# Bike fitters in North/Central NJ



## Montyaloofah (Mar 14, 2012)

Does anyone have good recommendations and experience with a bike fitter in and around the Somerset county area? I've called around a few places like High Gear and Cycle Craft but would like to hear first hand accounts if possible. I already have a road bike that i ride ~50 miles a week in warm weather that was eye fitted at the shop i bought it from. I'm noticing some slight left knee pain and hot spots on my foot more recently and wonder if my fit could be the issue. I will also take my tri bike out every now and then to mix it up. i'd like the fitter to have expertise in both.


----------



## tommybike (Dec 30, 2015)

I am looking as well. Chris at Hilltop was good but has since left. I have been debating seeing Eric there now. 

Sent from my SAMSUNG-SM-G935A using Tapatalk


----------



## veloduffer (Aug 26, 2004)

Cyclecraft in Parsippany and Cyclesport in Park Ridge have studios to perform extensive fitting services. 


Sent from my iPad using Tapatalk


----------



## robnj (Sep 26, 2013)

Agree on Cyclecraft in Parsippany. I had a fit by Tim, years ago. Super guy and such attention to detail.


----------



## sabeast (Sep 23, 2017)

robnj said:


> Agree on Cyclecraft in Parsippany. I had a fit by Tim, years ago. Super guy and such attention to detail.

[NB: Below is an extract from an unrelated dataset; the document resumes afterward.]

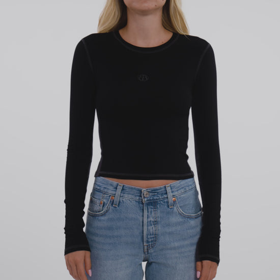 • Fitted 90s-style long sleeve tee featuring embroidered butterfly logo.

would you say its also a great shop with a great selection of bikes? Cerevelo? Specialized?


----------



## veloduffer (Aug 26, 2004)

Of the big brands, I think they carry Cannondale and Giant. They are also a Parlee dealer, which are American carbon bikes. 


Sent from my iPad using Tapatalk


----------



## ClassicBolus (Mar 20, 2011)

If you all are still looking I highly recommend Joe at Fitwerx in Tenafly.


----------